The introduction of "Hepasol A" also significantly reduced the absolute risk and chance of developing fat embolism in the early postoperative period (see table 2).

table 2 A drug N ZhG / N without ZhG AR Chance COP NNT Hepasol A 11/59 0.15 *** 0.18 *** 0 one Essential N 30/55 0.35 * 0.54 * 56% 5 5% alcohol solution 14/25 0.36 ** 0.56 ** 57% 5 - ** - p <0.05 (χ ² with Yates correction)

where N FG - the number of patients with a positive analysis for the presence of fat globules,

N without ZhG - the number of patients with a negative analysis for the presence of fat globules,

AR - the absolute risk of developing fat embolism,

COP - reduction of the relative risk of developing fat embolism,

NNT is an indicator that characterizes the number of patients who need to be treated with this drug to get the same effect.

From table 2 it follows that the COP in the administration group of “Hepasol A” compared with the administration group of Essential H was 56%, and with the administration group of the alcohol solution - 57%. The NNT in the last two groups compared with the group “Hepasol A" amounted to 5 people.

Thus, the data presented characterize a significantly more pronounced prolonged prophylactic effect of preventing the development of fat embolism from the introduction of "Hepasol A".

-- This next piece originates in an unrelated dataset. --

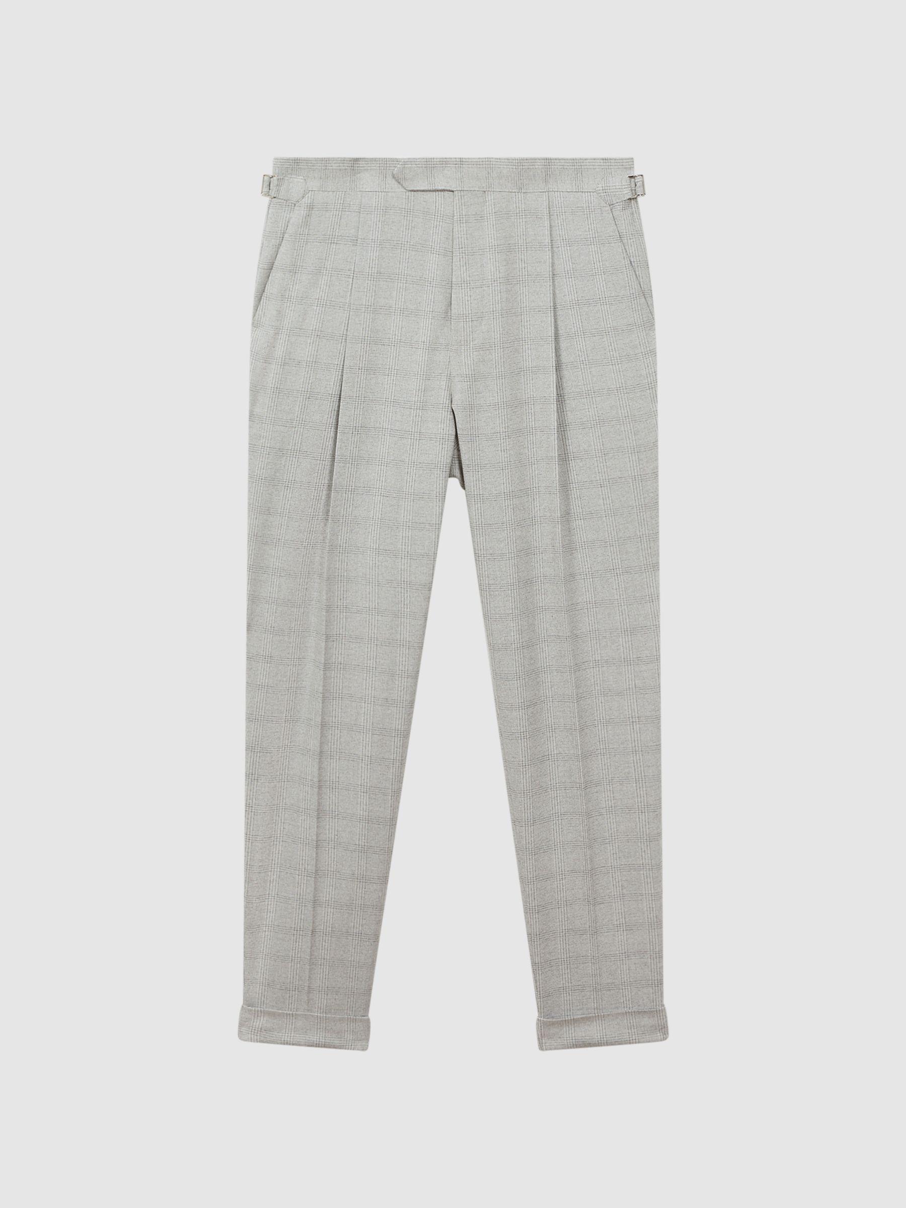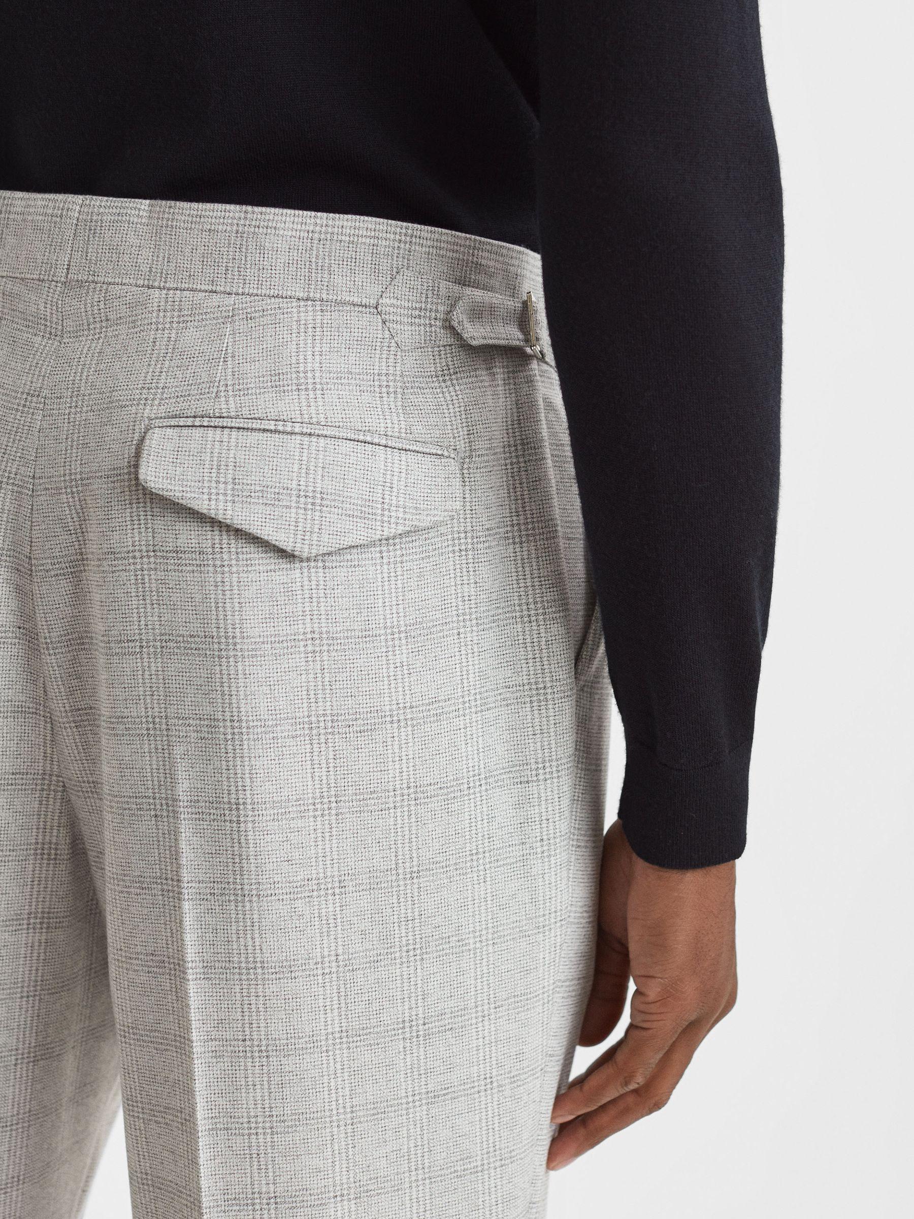 These slim-fit Ridge trousers feature a signature Prince of Wales check design and front pleats. Side adjusters perfect the shape and the hems are rolled for a preppy influence. Prince of Wales check design Side adjusters Front pleats Side-slip pockets Buttoned flap pocket to reverse Rolled hems Slim fit

The drug "Hepasol A" is well tolerated by patients and does not have severe side effects.

Claims (1)

A method for preventing the development of fat embolism in the perioperative period, including the simultaneous administration of a 5% glucose solution and another drug, characterized in that Hepasol A is used as another drug, which is started at a dose of 4.0-8.0 ml / kg separately from a 5% glucose solution, these funds are administered in equal volumes 40 minutes before the operation, at the end of the main stage of the operation, a microscopic blood test is performed for the presence of fat globules, if detected in 8 fields vision in the total number of more than 10 globules, the size of which is less than 5 microns, or in the amount of one or more globules larger than 5 microns, the analysis is considered positive and the introduction of the drug "Hepasol A" and 5% glucose solution continue, and in the absence of fat globules or if they are found to be smaller than 5 microns in total less than 10 globules, the analysis is considered negative and the administration of Hepasol A and a 5% glucose solution is stopped, and the blood test for the presence of fat globules is repeated 12 hours after the last injection “Hepasol A” arata and, if a positive test for the presence of fat globules is recorded, the administration of the “Hepasol A” preparation and a 5% glucose solution is repeated, and if a double test, with an interval of 12 hours, is recorded, a negative test for the presence of fat globules the drug "Hepasol A" is not carried out.